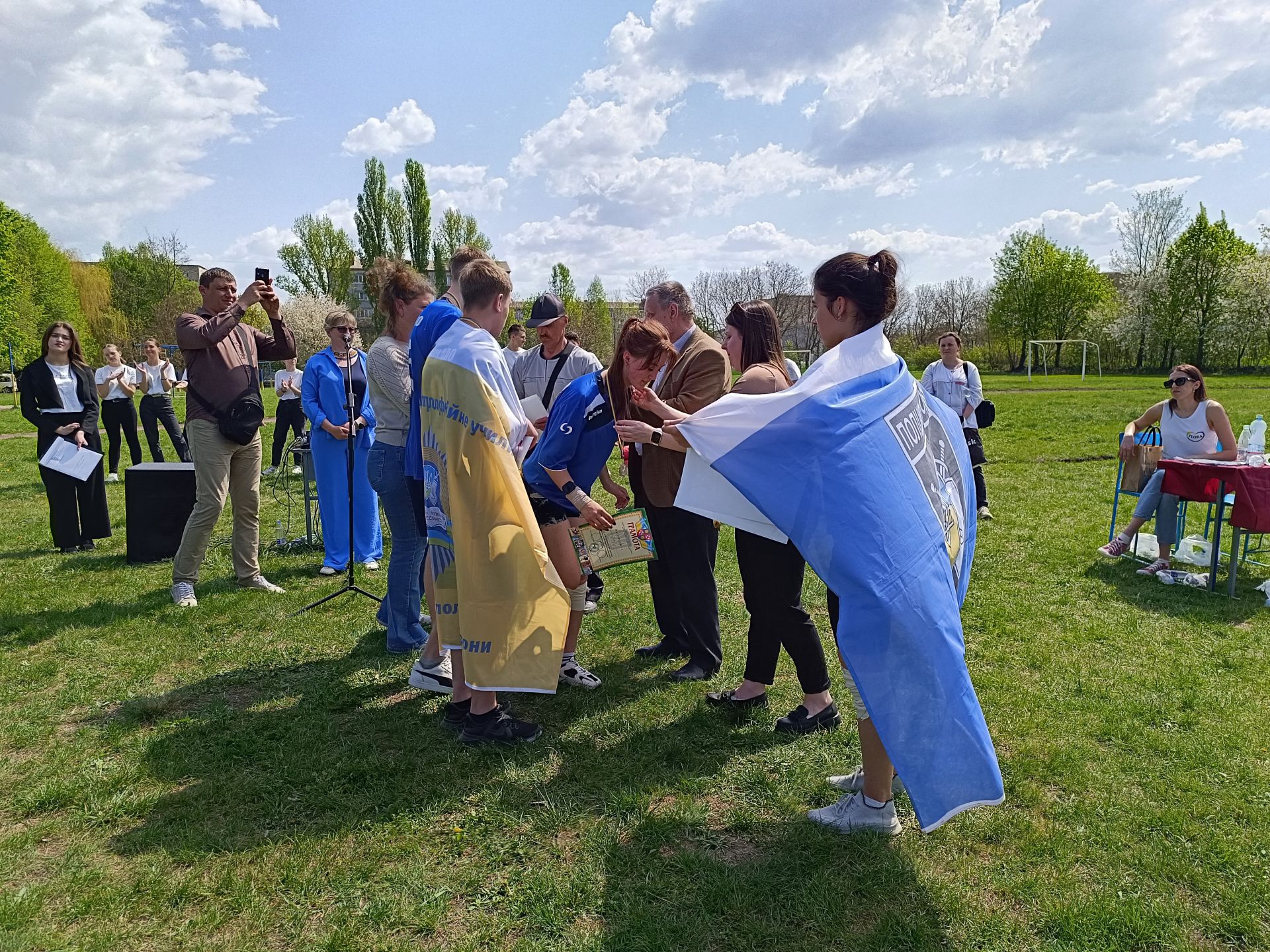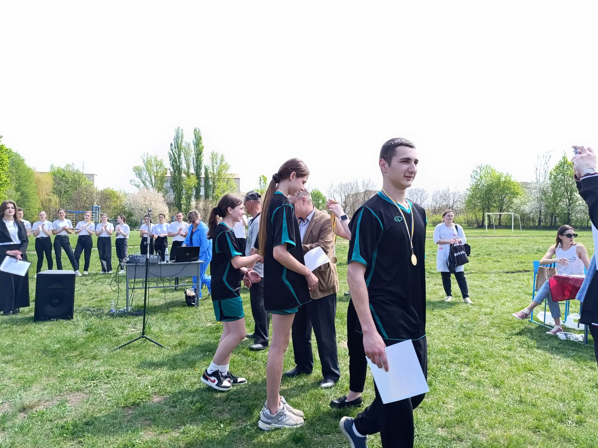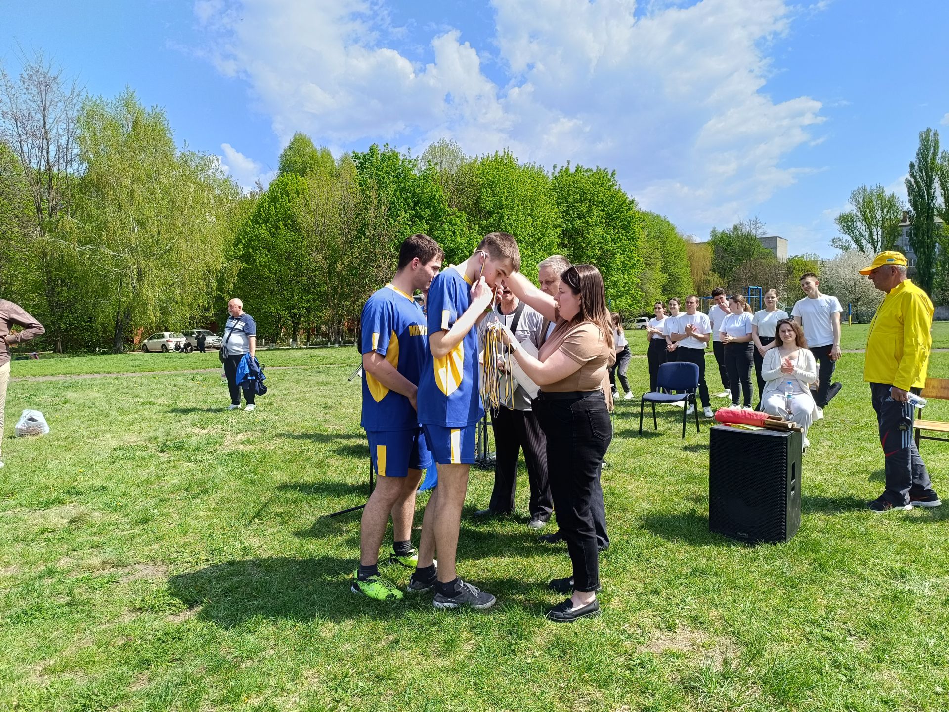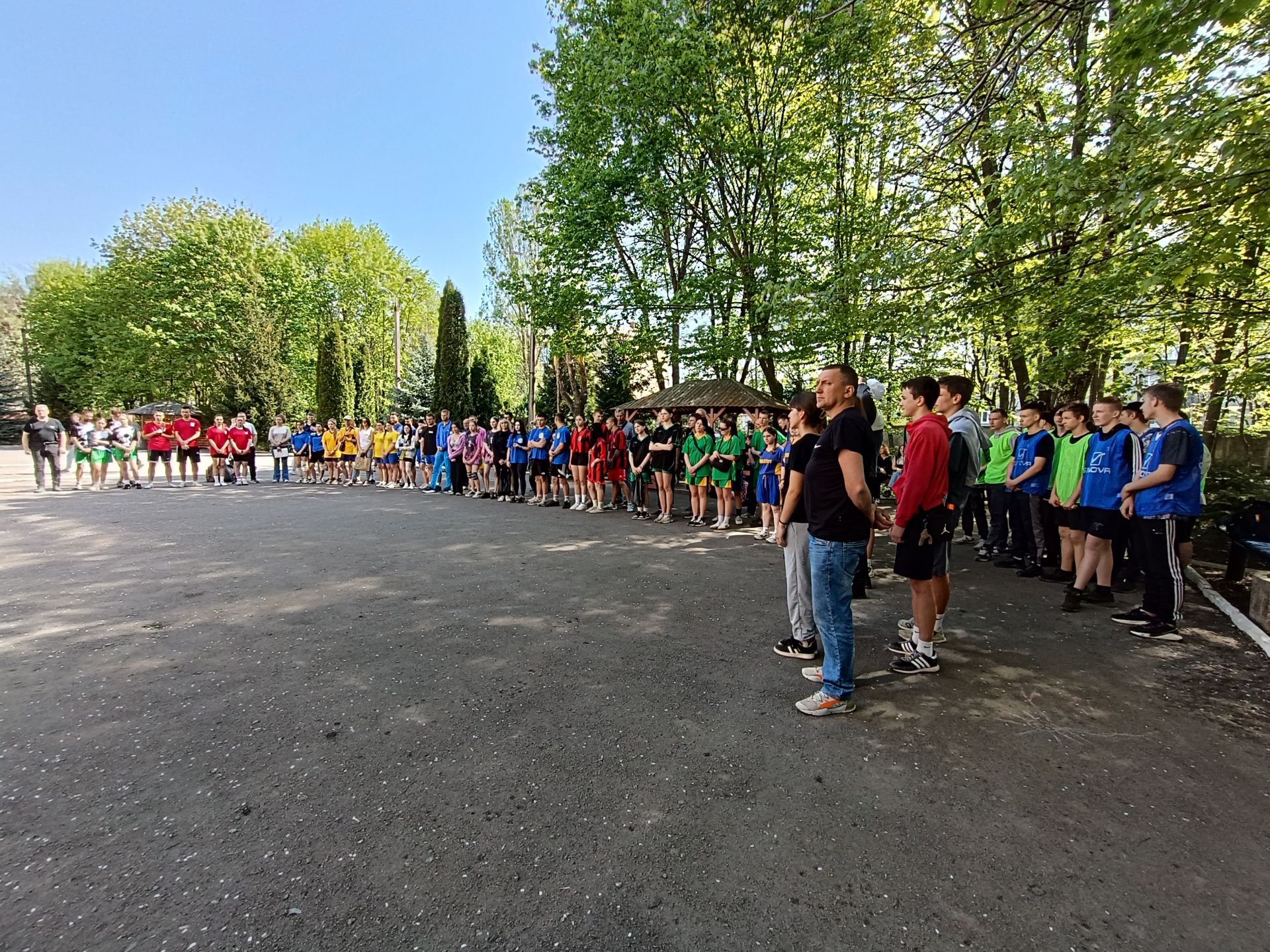 На полі лунає «На старт! Увага! Руш» і змагання починаються. Першими стартують команди Центру професійно-технічної освіти №1 та Вищого художнього професійно-технічного училища №5.
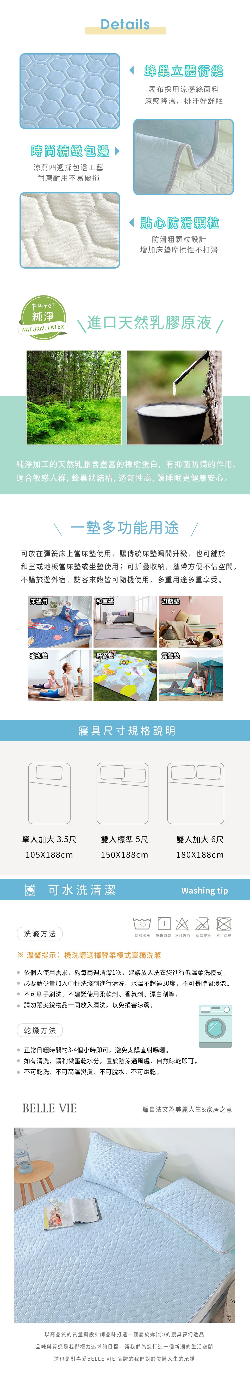 乳膠防螨防菌、彈性舒適,平均承托身體、貼合曲線,吸收分散身體各部位的壓力,且透過蜂窩式結構的立體透氣孔的熱漲冷縮調節,讓你即使趴著睡也能確保透氣舒適。
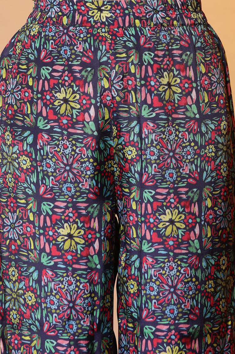 Blue Floral Printed Straight Shantung Kurta and Pants Set
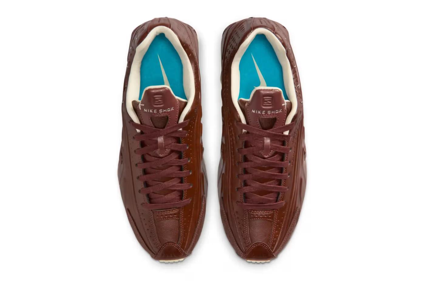A turquoise insole provides a fresh contrast. The signature Nike Shox cushioning in the sole comes in an off-white shade that complements the colorway perfectly.

◆ Your instructions
Please print the material exactly as given above, omitting the pictures.

◆ Task response
 На полі лунає «На старт! Увага! Руш» і змагання починаються. Першими стартують команди Центру професійно-технічної освіти №1 та Вищого художнього професійно-технічного училища №5.
 乳膠防螨防菌、彈性舒適,平均承托身體、貼合曲線,吸收分散身體各部位的壓力,且透過蜂窩式結構的立體透氣孔的熱漲冷縮調節,讓你即使趴著睡也能確保透氣舒適。
 Blue Floral Printed Straight Shantung Kurta and Pants Set
A turquoise insole provides a fresh contrast. The signature Nike Shox cushioning in the sole comes in an off-white shade that complements the colorway perfectly.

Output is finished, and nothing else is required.